President Obama said Thursday that no inappropriate conversations had occurred between the administration and Democratic Rep. Joe Sestak, who has asserted a White House official offered him an administration job if he withdrew his primary challenge for Democrat Arlen Specter’s Senate seat in Pennsylvania. Lawmakers on Capitol Hill — including some Democrats — have pressed for a special prosecutor to investigate whether the job offer was used improperly to get Mr. Sestak out of a potentially divisive primary race.
“I assure you nothing inappropriate took place,” the president said at the end of an hourlong White House press conference that focused mostly on the BP oil spill.
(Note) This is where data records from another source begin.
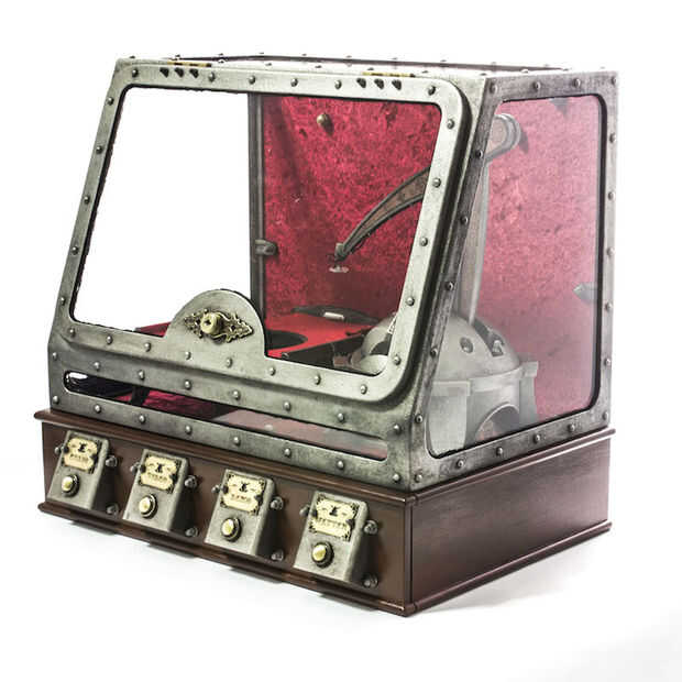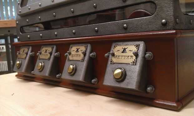 Ya que este – escribir mensajes cortos en un teclado – es un método bastante conocido de la comunicación, se decidió darle el robot un aspecto antiguo.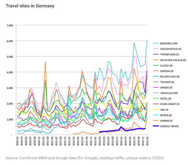 歐盟指責(zé)谷歌人工干涉干與了搜索結(jié)果,不外這里要提醒大家的是,DT君經(jīng)由調(diào)查發(fā)現(xiàn),谷歌受到的指控并不是類似百度這樣的販賣廣告位等,而是將自己的一些產(chǎn)品排在了更優(yōu)先的位置。這些被指控的產(chǎn)品,也都不是最核心的產(chǎn)品,好比Google Travel、Google Shopping等。 谷歌在遭到指控后作出回應(yīng),不無委屈地曬出這些產(chǎn)品在一些歐盟國家可憐的市場(chǎng)份額。谷歌表示,旅行搜索是一個(gè)競(jìng)爭(zhēng)激烈的垂直市場(chǎng),而自己的據(jù)有率實(shí)在少得可憐。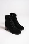 Joy Ayakkabı DIANA Bağcıklı Fermuarlı Ortopedik Taban Topuklu Süet Kadın Bot SST - Siyah
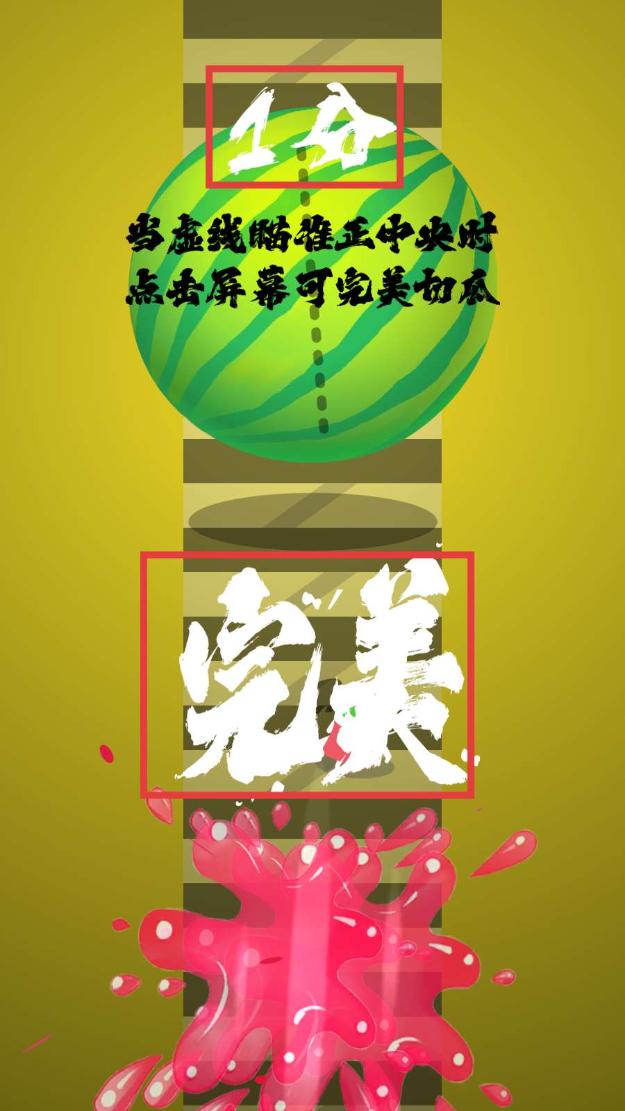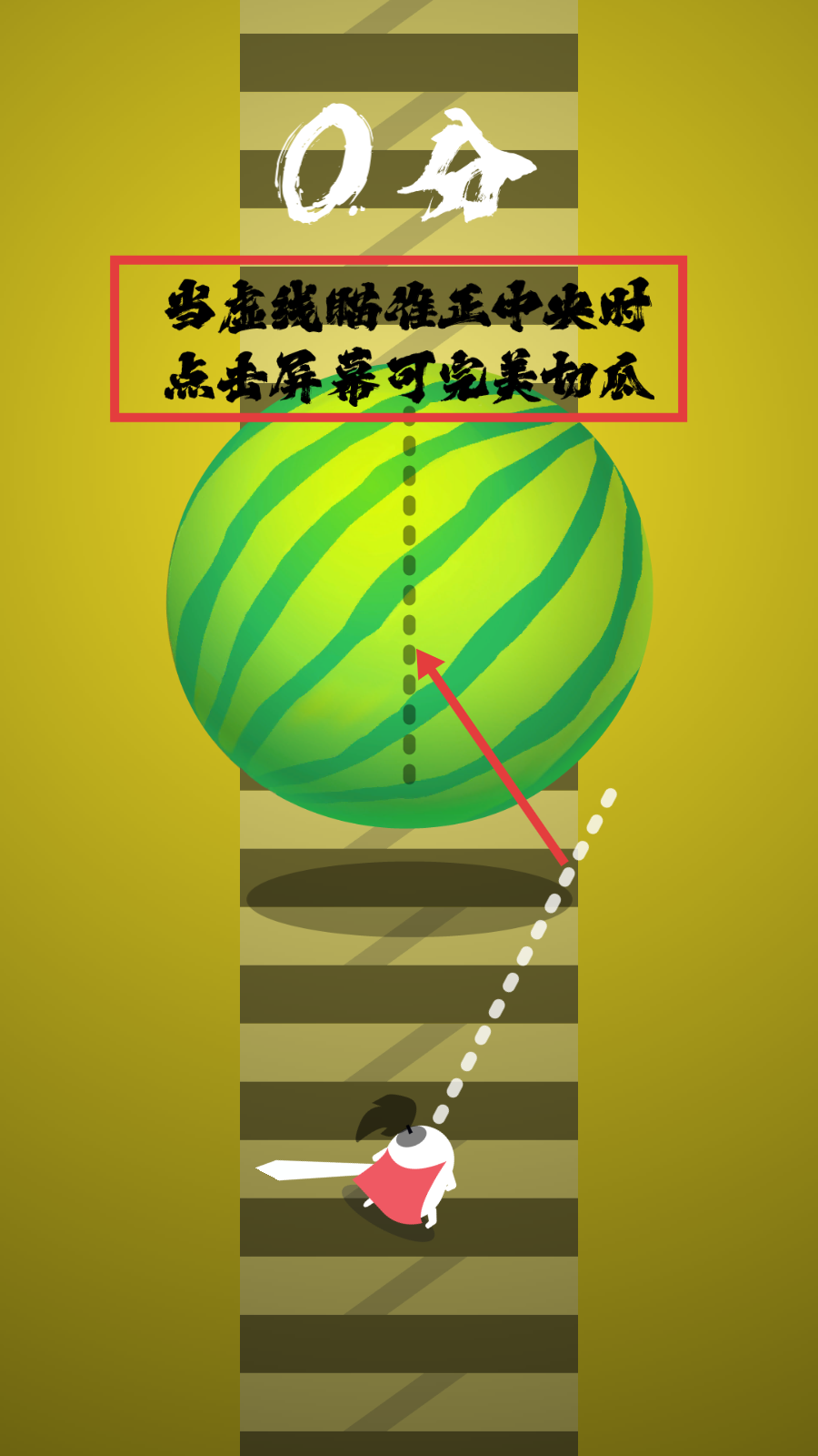 2、切瓜时留意提示,当【虚线瞄准正中央】时点击屏幕,尝试达成完美切瓜。

However, Mr. Obama declined to elaborate on the controversy, saying the administration was preparing a fuller response that would be released “shortly … not in  weeks or months.”
Mr. Sestak — who defeated the White House-backed Mr. Specter last week in the Pennsylvania primary — made the assertion in February, and repeated it Sunday. He has declined to say what job was discussed or who within the administration approached him.
There has since been a steady call for the Justice Department to appoint a special prosecutor and for more details — including a letter Wednesday to Attorney General Eric Holder from the seven Republicans on the Senate Judiciary Committee. The Justice Department this week rejected the idea of a special prosecutor to investigate the matter.
White House senior adviser David Axelrod and other top administration officials have also maintained nothing inappropriate has occurred.